TASK GOAL: Copy out the full listing exactly, omitting any picture it contains.
───── EXCERPTED RECORDS ─────
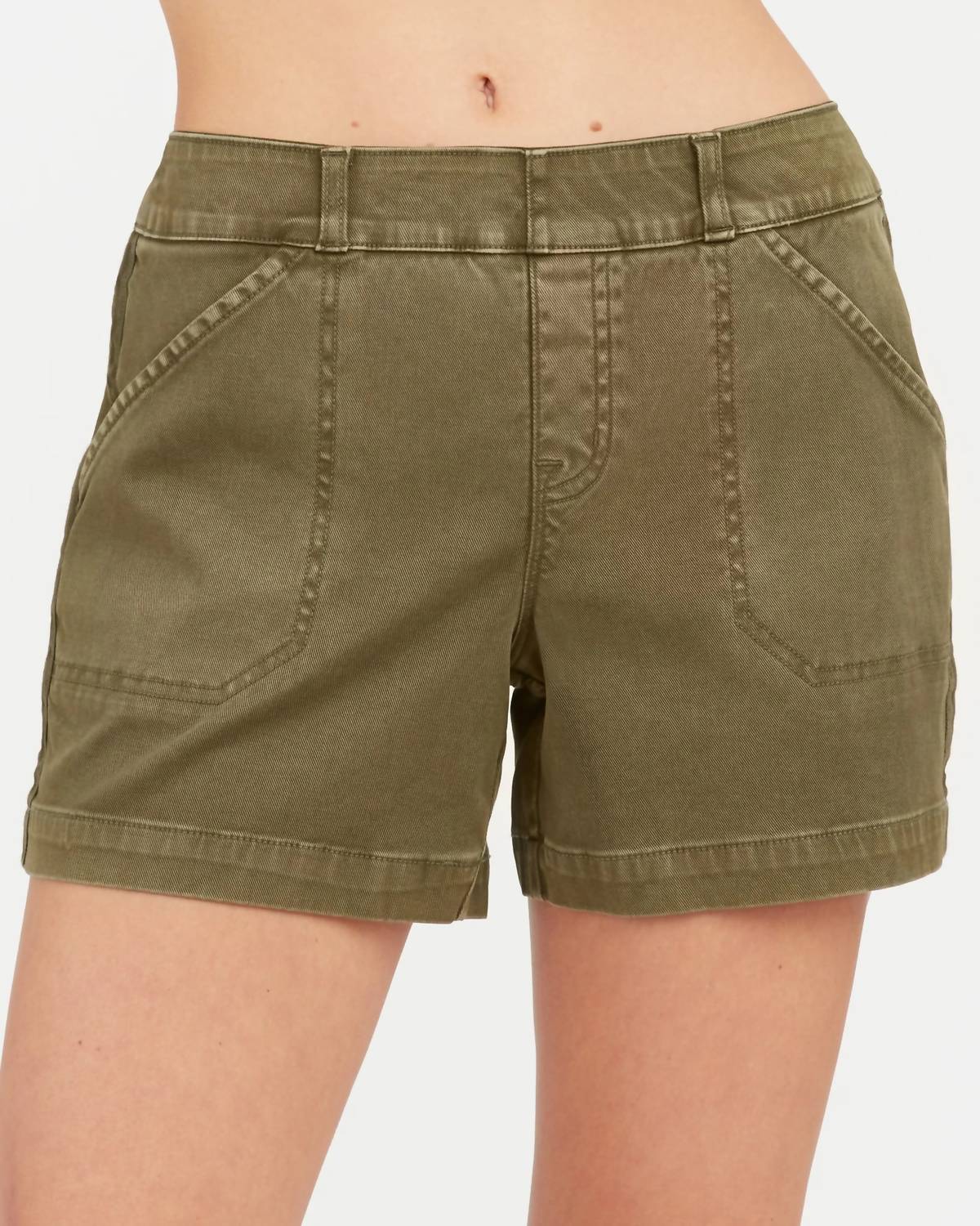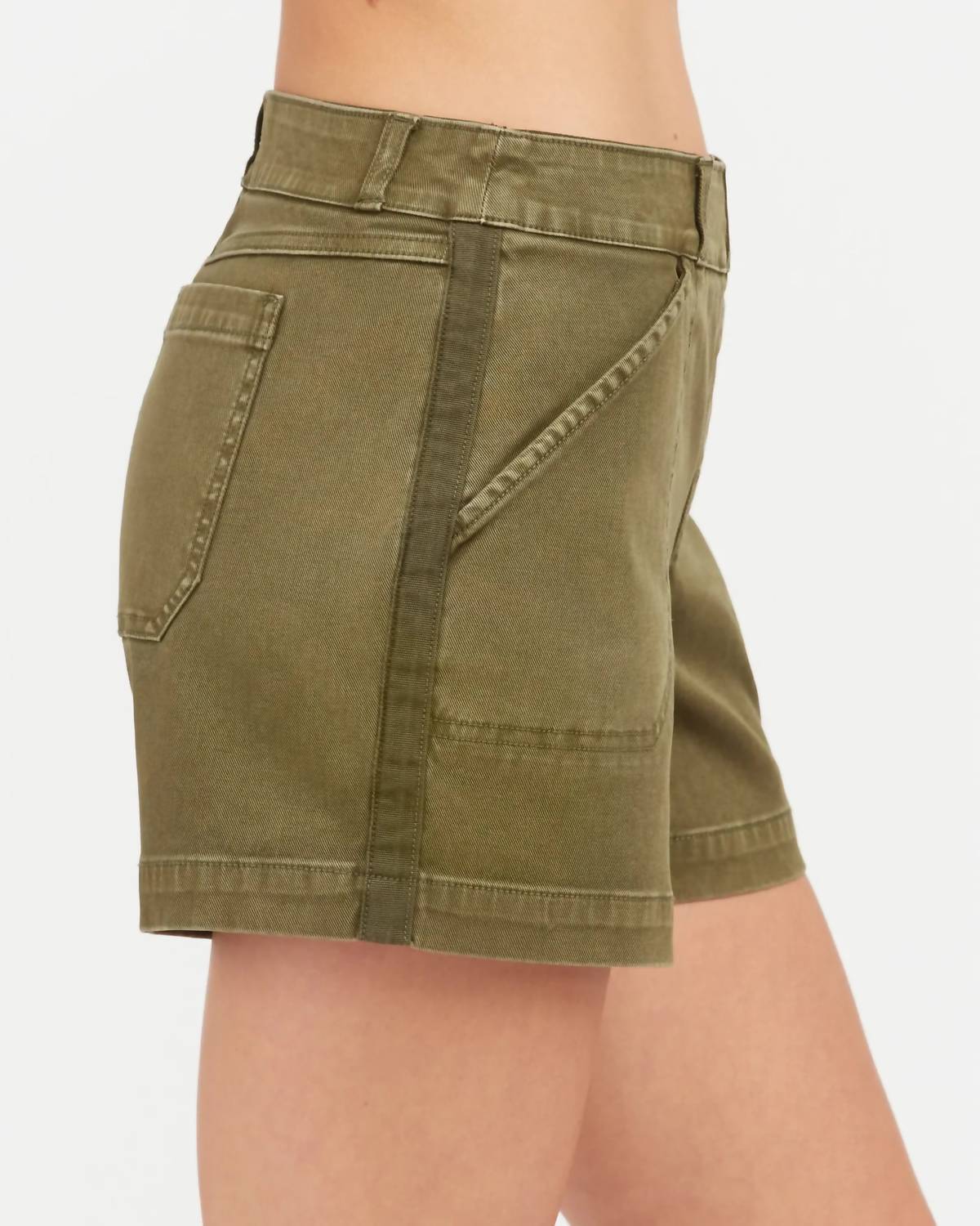 Abrace a mistura perfeita de conforto e estilo com estas bermudas femininas da moda, habilmente projetadas para oferecer um ajuste elegante e uso versátil. Apresentamos o Shorts Stretch Twill da Spanx em um tom oliva refrescante, um acessório elegante perfeito para um dia de praia no verão. Com um design prático e fecho de pressão, este shorts apresenta uma costura interna de 12,7 cm para um ajuste relaxado que se ajusta confortavelmente aos quadris. Feito em sarja 55% algodão, 29% rayon, 13% poliéster e 3% elastano, ele garante uma sensação macia e sedosa, enquanto o modelador Gut Check™ oculto proporciona um controle ideal da barriga. Cuide deste short tingido à mão lavando-o na máquina com água fria, do avesso; ele foi projetado para desbotar gradualmente com o uso e o uso, oferecendo bolsos frontais e traseiros funcionais para o dia a dia.
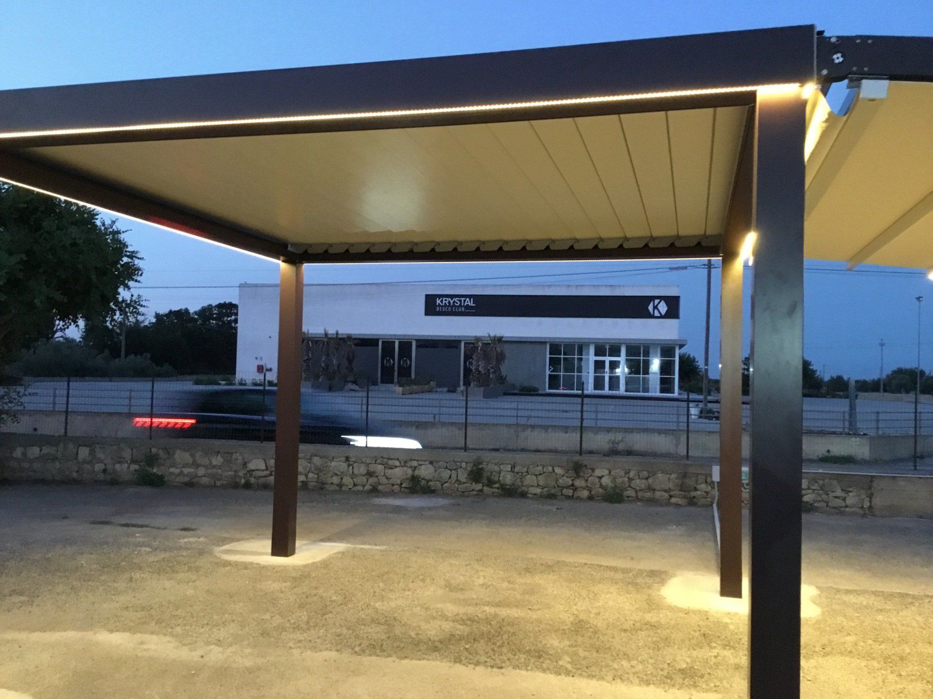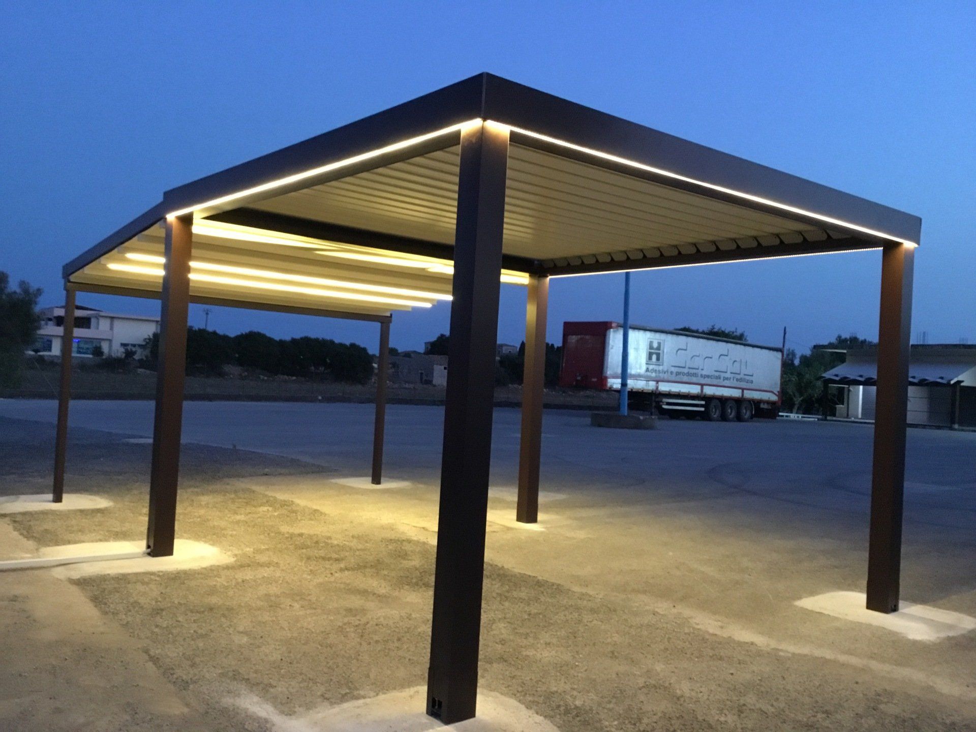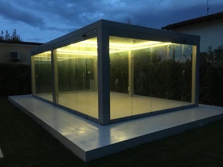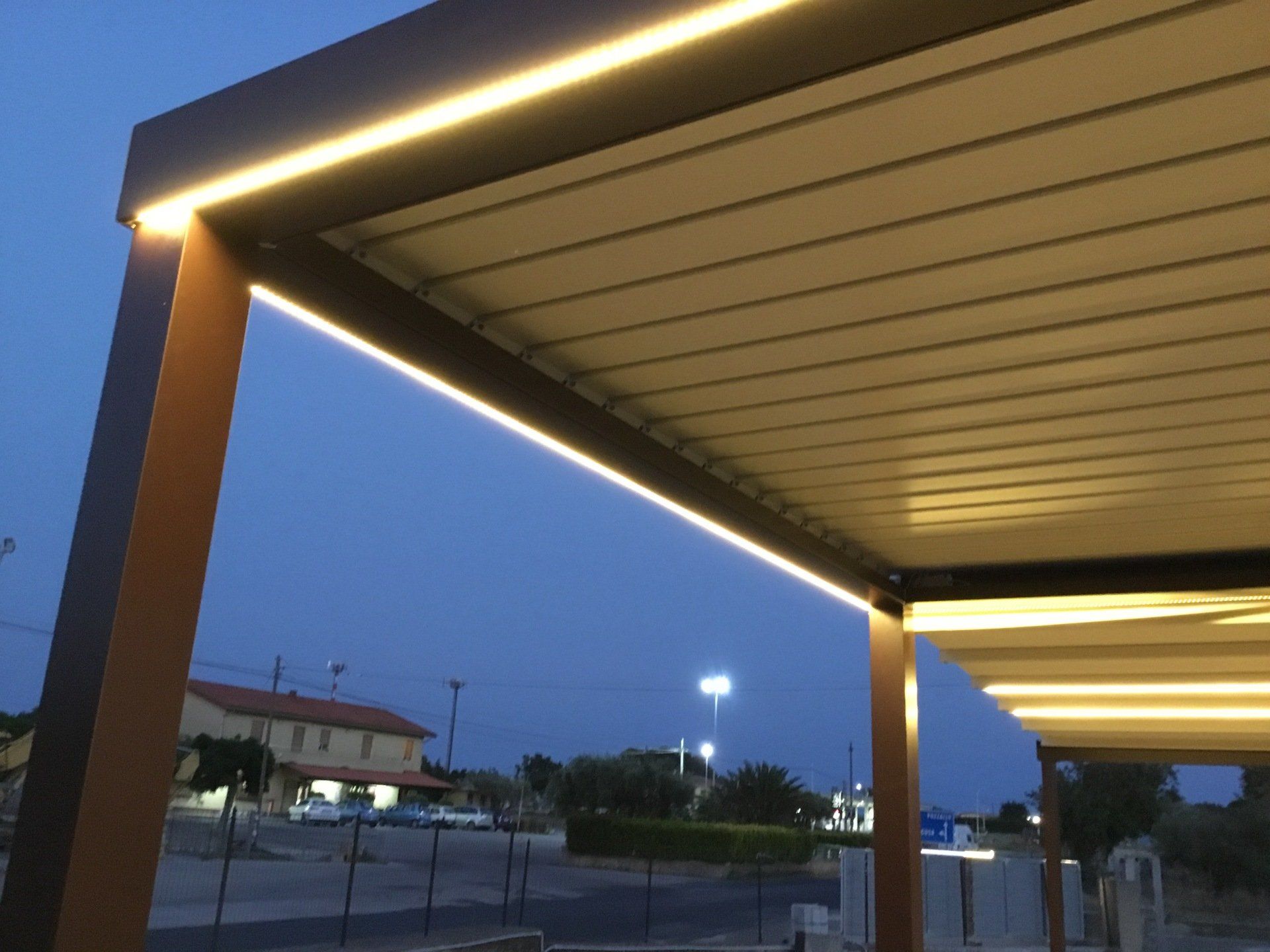 - Tettoia orientabile con lamelle in alluminio rotanti da 0° a 140°.
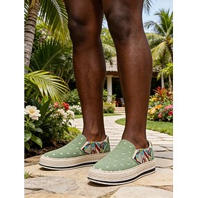 Mocassins en toile verte pour homme, à enfiler, avec motif décoratif, respirants et légers, idéaux pour les séjours en plein air, les voyages et le quotidien.
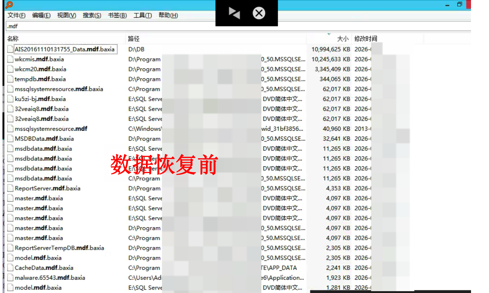被.baxia勒索病毒加密后的数据恢复案例:
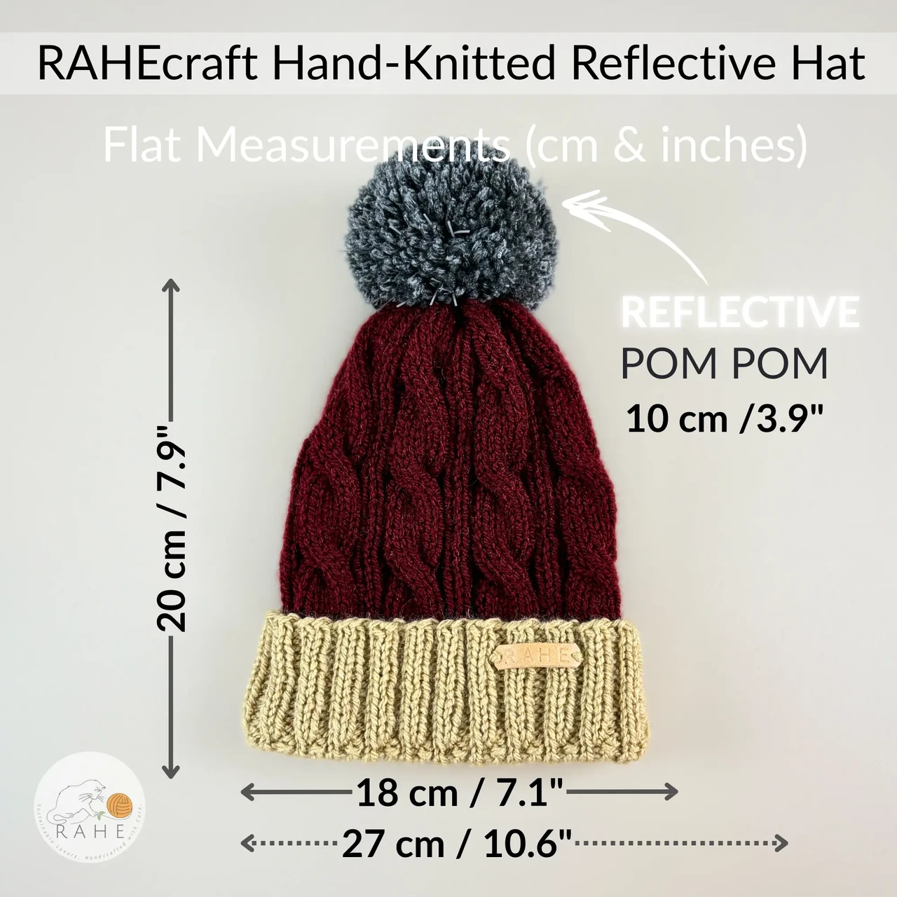 Hand-knit reflective pom pom hat - beige, burgundy, grey
─────
EXERCISE SOLUTION:
 Abrace a mistura perfeita de conforto e estilo com estas bermudas femininas da moda, habilmente projetadas para oferecer um ajuste elegante e uso versátil. Apresentamos o Shorts Stretch Twill da Spanx em um tom oliva refrescante, um acessório elegante perfeito para um dia de praia no verão. Com um design prático e fecho de pressão, este shorts apresenta uma costura interna de 12,7 cm para um ajuste relaxado que se ajusta confortavelmente aos quadris. Feito em sarja 55% algodão, 29% rayon, 13% poliéster e 3% elastano, ele garante uma sensação macia e sedosa, enquanto o modelador Gut Check™ oculto proporciona um controle ideal da barriga. Cuide deste short tingido à mão lavando-o na máquina com água fria, do avesso; ele foi projetado para desbotar gradualmente com o uso e o uso, oferecendo bolsos frontais e traseiros funcionais para o dia a dia.
 - Tettoia orientabile con lamelle in alluminio rotanti da 0° a 140°.
 Mocassins en toile verte pour homme, à enfiler, avec motif décoratif, respirants et légers, idéaux pour les séjours en plein air, les voyages et le quotidien.
被.baxia勒索病毒加密后的数据恢复案例:
 Hand-knit reflective pom pom hat - beige, burgundy, grey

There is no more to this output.